■ EXERCISE DIRECTIONS: Nothing but the pictures may be left out. Restate the rest of the entries word for word.

■ SOURCE MATERIAL:
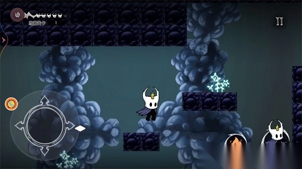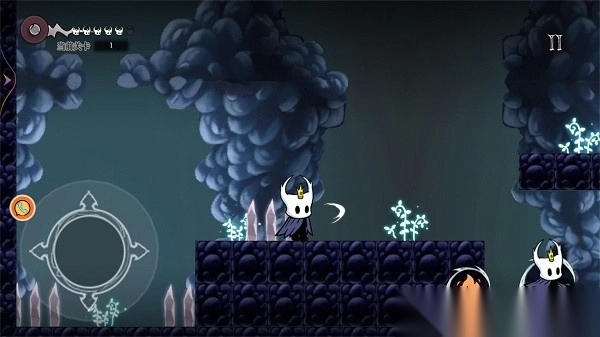 1、操控主角小骑士,当遇到敌人(例如图中的怪物)时,点击攻击键(红箭头标识),使用骨钉展开战斗。
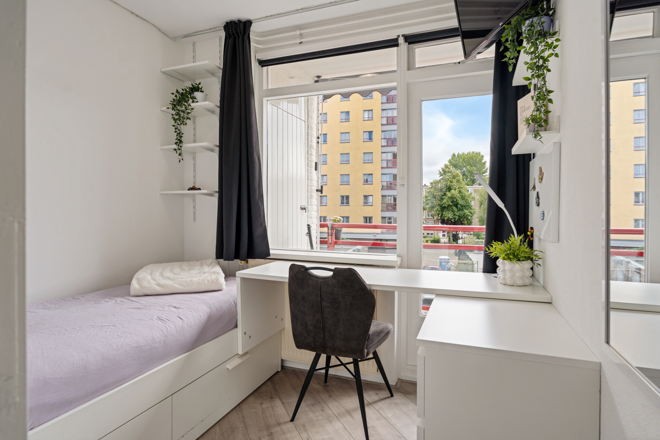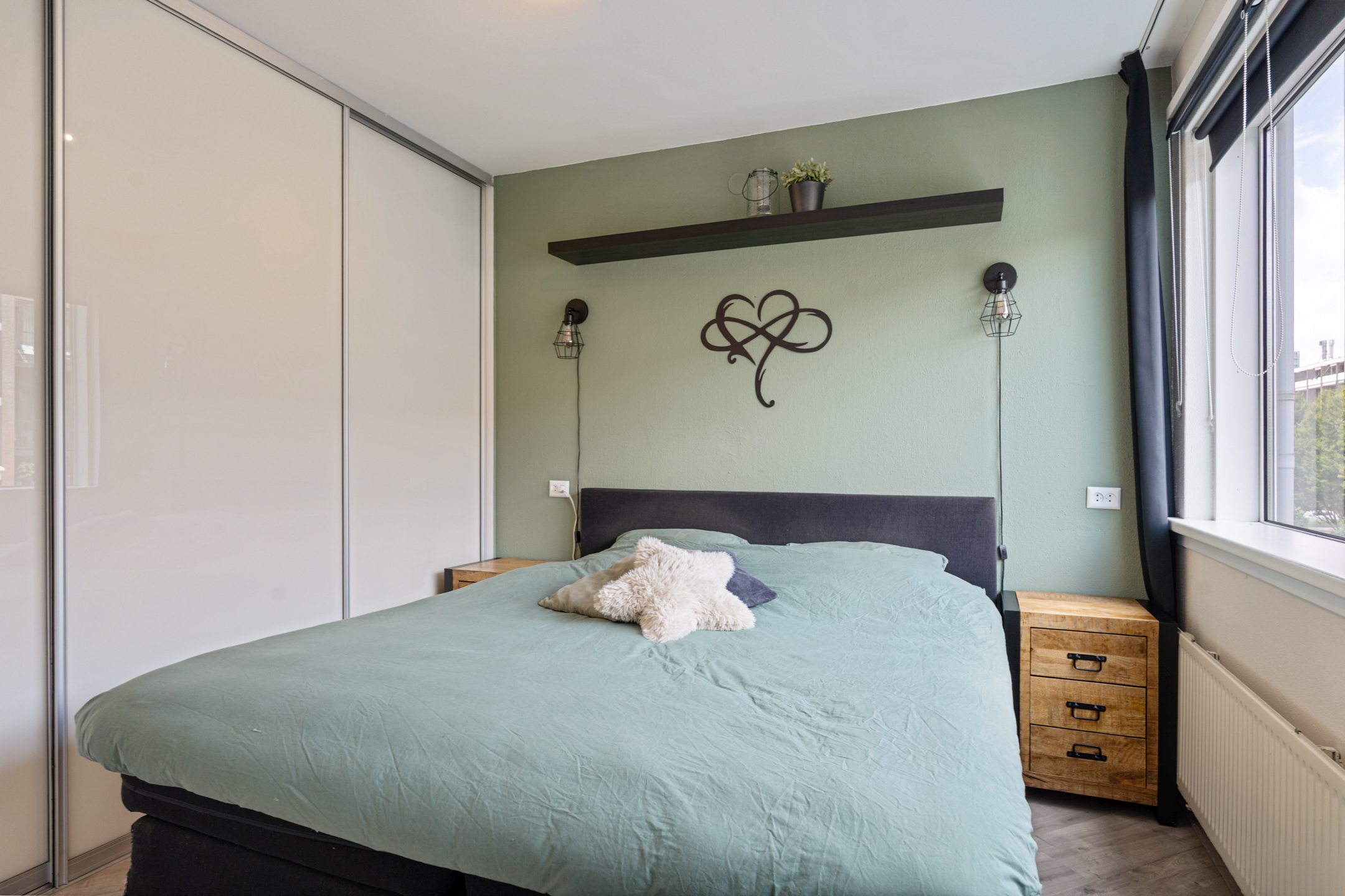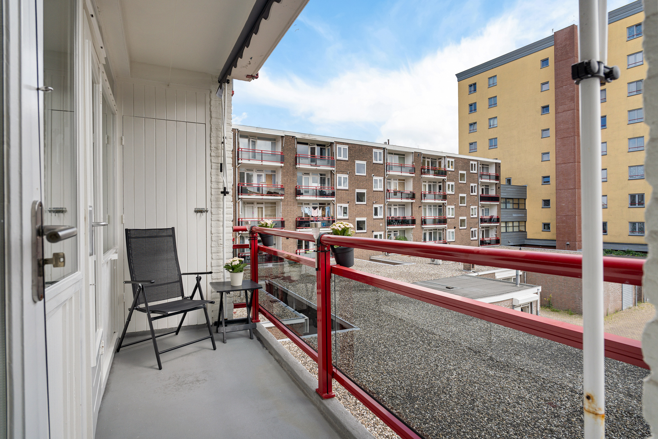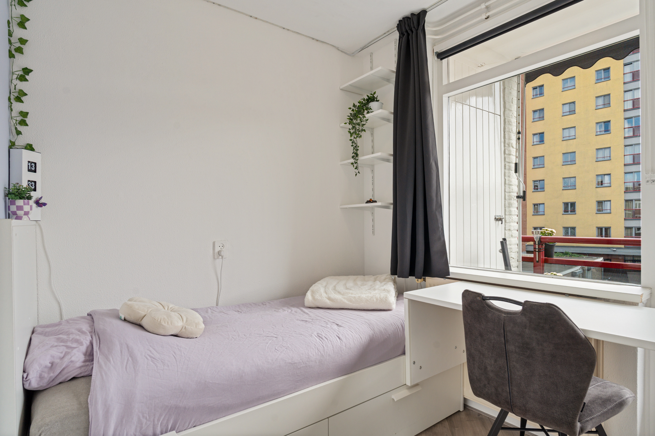 Vanuit deze kamer stap je zo het zonnige balkon op. Dit balkon beschikt over een vaste kast voor extra opbergruimte.
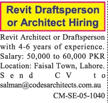 Code Architects jobs advertisement dated about 2 June 2025 in daily Jang Newspaper invites application for the vacant post of draftsman and revit architect in Faisal Town Lahore, lahore Punjab Pakistan. Educational qualifications required DAE, Bachelor and Intermediate etc.
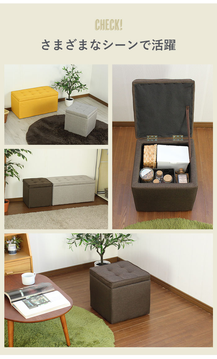 | 「座る」と「しまう」が一つになった収納スツールボックス。 座面の下は収納スペースになっているので、散らかる小物類や本、CD・DVDなどの収納に最適。 どんなお部屋にも馴染むシンプルなデザインなので、リビングだけでなく、玄関先やちょっとしたスペースに置いてもおしゃれな印象に。 色違いを交互に並べてみたり、同シリーズのダブルタイプと合わせてみたり、自分好みのアレンジでお部屋のアクセントになるインテリアとしても大活躍。 |
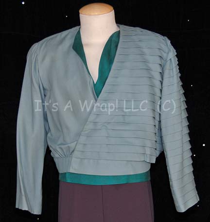 Description: A lot of costume items featured in Star Trek: The Next Generation episodes like “Family” .This lot is for wear by Patrick Stewart and consists of a long-sleeved, loose-fitting, green, silk shirt in the equestrian jersey-style with an open front that snaps along the bottom, and rolled up sleeves; an aqua-colored, long-sleeved shirt featuring a wrap-around front, v-shaped neckline, and large, horizontal pleats along the left side, and dark blue trousers with a gray tint to them. A costumer’s tag reads ‘Picard, Patrick Stewart, civilian shirt-lt. blue, pleated’ and another reads ‘#178 Family, Picard, Patrick Stewart, shirt-grn silk’.

■ SOLVED PROBLEM:
 1、操控主角小骑士,当遇到敌人(例如图中的怪物)时,点击攻击键(红箭头标识),使用骨钉展开战斗。
 Vanuit deze kamer stap je zo het zonnige balkon op. Dit balkon beschikt over een vaste kast voor extra opbergruimte.
 Code Architects jobs advertisement dated about 2 June 2025 in daily Jang Newspaper invites application for the vacant post of draftsman and revit architect in Faisal Town Lahore, lahore Punjab Pakistan. Educational qualifications required DAE, Bachelor and Intermediate etc.
 | 「座る」と「しまう」が一つになった収納スツールボックス。 座面の下は収納スペースになっているので、散らかる小物類や本、CD・DVDなどの収納に最適。 どんなお部屋にも馴染むシンプルなデザインなので、リビングだけでなく、玄関先やちょっとしたスペースに置いてもおしゃれな印象に。 色違いを交互に並べてみたり、同シリーズのダブルタイプと合わせてみたり、自分好みのアレンジでお部屋のアクセントになるインテリアとしても大活躍。 |
 Description: A lot of costume items featured in Star Trek: The Next Generation episodes like “Family” .This lot is for wear by Patrick Stewart and consists of a long-sleeved, loose-fitting, green, silk shirt in the equestrian jersey-style with an open front that snaps along the bottom, and rolled up sleeves; an aqua-colored, long-sleeved shirt featuring a wrap-around front, v-shaped neckline, and large, horizontal pleats along the left side, and dark blue trousers with a gray tint to them. A costumer’s tag reads ‘Picard, Patrick Stewart, civilian shirt-lt. blue, pleated’ and another reads ‘#178 Family, Picard, Patrick Stewart, shirt-grn silk’.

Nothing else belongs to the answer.